JAKARTA, KOMPAS.com - Rabu (24/5/2017), hampir pukul 21.00, ketika arus lalu lintas di sekitar Terminal Kampung Melayu, Jakarta Timur, tak terlalu ramai. Polisi, dengan jumlah lebih banyak dari biasanya, berjaga-jaga mengamankan jalur iring-iringan pawai obor menyambut Ramadhan.
Pada malam itu, tiba-tiba terdengar suara menggelegar ledakan. Asap mengepul. Sejumlah polisi anggota Unit 1 Peleton 4 Direktorat Sabhara Polda Metro Jaya, ambruk. Terluka, ada yang tak sadarkan diri. Lima menit berselang, terdengar ledakan kedua.
Kabar berikutnya terdengar, tiga polisi dan dua warga sipil yang diduga pelaku peledakan bom bunuh diri meninggal. Ketiga polisi itu lalu dimakamkan di kampung halamannya.
”Awalnya kami tidak percaya,” kata Busono Herry (65), seusai pemakaman Bripda Taufan Tsunami (22) di TPU Pondok Ranggon, Jakarta Timur, Kamis (25/5/2017). Anak lelaki satu-satunya itu merupakan satu dari tiga polisi yang meninggal.
Busono tak percaya kabar awal itu. Dua jam sebelum ledakan, Taufan menelepon ibunya dan mengabarkan akan membawakan buah duren besar, sekitar pukul 01.00, selepas tugas.
Namun, akhirnya keluarga itu bisa menerimanya.
(Baca: Teroris ISIS Klaim Serangan Bom Bunuh Diri di Kampung Melayu)
”Saya bangga anak saya gugur saat menjalankan tugas negara,” kata Busono, sambil mendekap foto Taufan yang berpakaian dinas. Taufan masih tinggal bersama kedua orangtuanya di Kecamatan Jakasampurna, Kota Bekasi.
Kebanggaan yang sama disampaikan Gunawan, ayah Bripda Ridho Setiawan (21). Meskipun sangat berduka, ia ikhlas anak bungsunya itu berpulang. Pada Rabu pukul 07.00, Ridho pamit berangkat kerja. Tak seperti biasanya, pagi itu ia terlihat berat meninggalkan rumah.
”Dia sampai harus dibangunkan dua kali oleh ibunya. Saat mau berangkat, dia juga sempat duduk agak lama,” katanya. Ia tak menyangka hari itu, Rabu, hari terakhir pengabdian anaknya sebagai anggota polisi di Direktorat Sabhara Polda Metro Jaya.
Saat tahu ada ledakan di Kampung Melayu, Gunawan sempat mengontak telepon anaknya. Namun, tidak diangkat. Pukul 03.00, pihak Polsek Kelapa Dua datang memberi kabar bahwa Ridho menjadi korban.

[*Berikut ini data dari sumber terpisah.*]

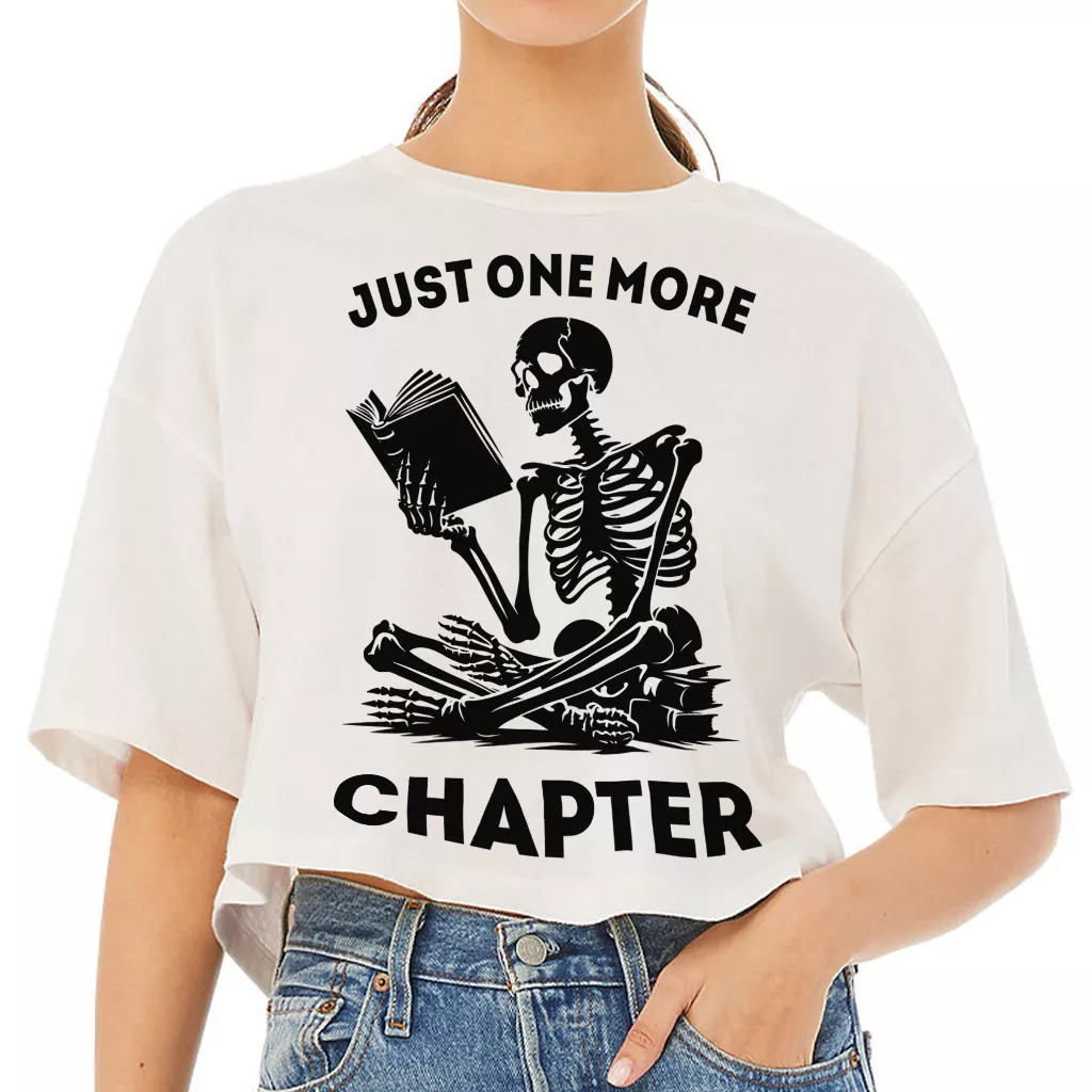Just One More Chapter Cropped T-Shirt – Book Club Trendy Tee – Bookworm Women’s Basic T-Shirt

(Baca: Ingin Tolong Polisi, Sopir Kopaja Ini Jadi Korban Bom Kampung Melayu)
Jenazah Ridho disambut isak tangis keluarga dan para tetangga di kampung halamannya di Desa Negeri Katon, Kecamatan Selagai Lingga, Kabupaten Lampung Tengah, Provinsi Lampung.
Meski hanya sekitar tiga tahun tinggal di desa itu, kepergian Ridho menjadi kepedihan seluruh warga desa. Orangtua, remaja, dan anak-anak di desa itu ikut menangis saat jasad Ridho dimasukkan ke liang lahat.
Masripah, nenek almarhum, berkisah, Ridho cucu yang baik dan penurut. Ia sosok panutan karena jadi cucu laki-laki tertua dalam silsilah keluarga besarnya. Keluarga besar terakhir bertemu Ridho pada Januari 2017 saat almarhum pulang ke kampung halamannya.
Sejak ia usia tiga tahun, keluarga Ridho pindah ke Tangerang, Banten. Ia menamatkan jenjang SMA tahun 2014 di Sekolah Menengah Kejuruan (SMK) Penerbangan Dirgantara I, Jurusan Avionic Electrical.
”Anak saya dimakamkan di kampung halaman karena permintaannya. Pada Minggu (21/5/2017), ia sempat pulang dan mengatakan ingin pulang ke kampung. Menurut rencana, kami baru mau pulang kampung sekaligus mudik Lebaran. Eh, Ridho sudah duluan dan tinggal selamanya di sana (Lampung), ” ujar Gunawan.